As industries might obtain difference support, I use the ratio of value-added of supported industries to that of all industries in a province to measure supporting intensity. Higher supporting intensity does not guarantee that the target industries will obtain more support. Figure 3.1 shows support intensities in different provinces in different years. Panel A and B show supporting intensities in provinces before the issue of the 10th Five Year Plan. Surprisingly, less developed provinces in the middle and western regions have higher supporting intensity. Provinces in the eastern coast have relatively lower intensities. After the issue of the 10th Five Year Plan in 2001, a few provinces move to tiers with higher level of intensity, but there are also some provinces

that move to groups with lower level of intensity from 2000 to 2001. By the end of the 10th Five Year Plan in 2005, more provinces have lower levels of intensities, which is also surprising because supported industries should have higher value-added share after receiving support from local governments.

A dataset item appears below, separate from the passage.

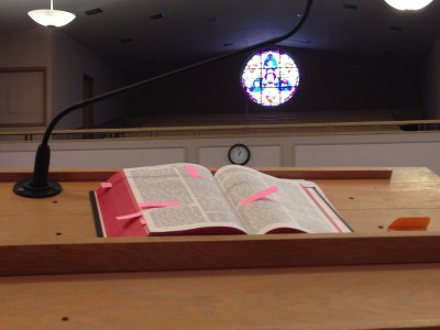 This is my Bible. This is what it looked like sitting in the pulpit during worship yesterday. It caught my attention in the middle of worship. In a service of worship where I — as the pastor — actually got to worship. That almost never happens. I’m too worried about making things happen to make enough room for my heart and mind to worship, but it happened yesterday. I actually got to worship.

Besides the geographical difference of supporting intensity among provinces, Figure 3.2 shows the change of value-added share for each province from 1998-2005. The supporting intensities in provinces such as Hainan, Xizang, and Ningxia Hui, increased after the issue of the 10th Five Year Plan. However, the supporting intensities of provinces like Beijing, Hubei, Jiangxi and Xinjiang, decreased drastically, and the intensity of some other provinces dropped slightly.

Several possible reasons can explain why supported industries have lower value-added shares in 2005 than 2001. First of all, compared with supported industries, there might be more firms and faster development in not supported industries. Secondly, the Five Year Plan could have had an opposite effect on the value-added of supported industries to the original aim. For example, if most of the support is given to firms with lower productivities, the overall growth rate of the supported industries will lag behind. Moreover, if local governments choose to support those largest state-owned firms, a decrease in competition could lead industries to have lower output.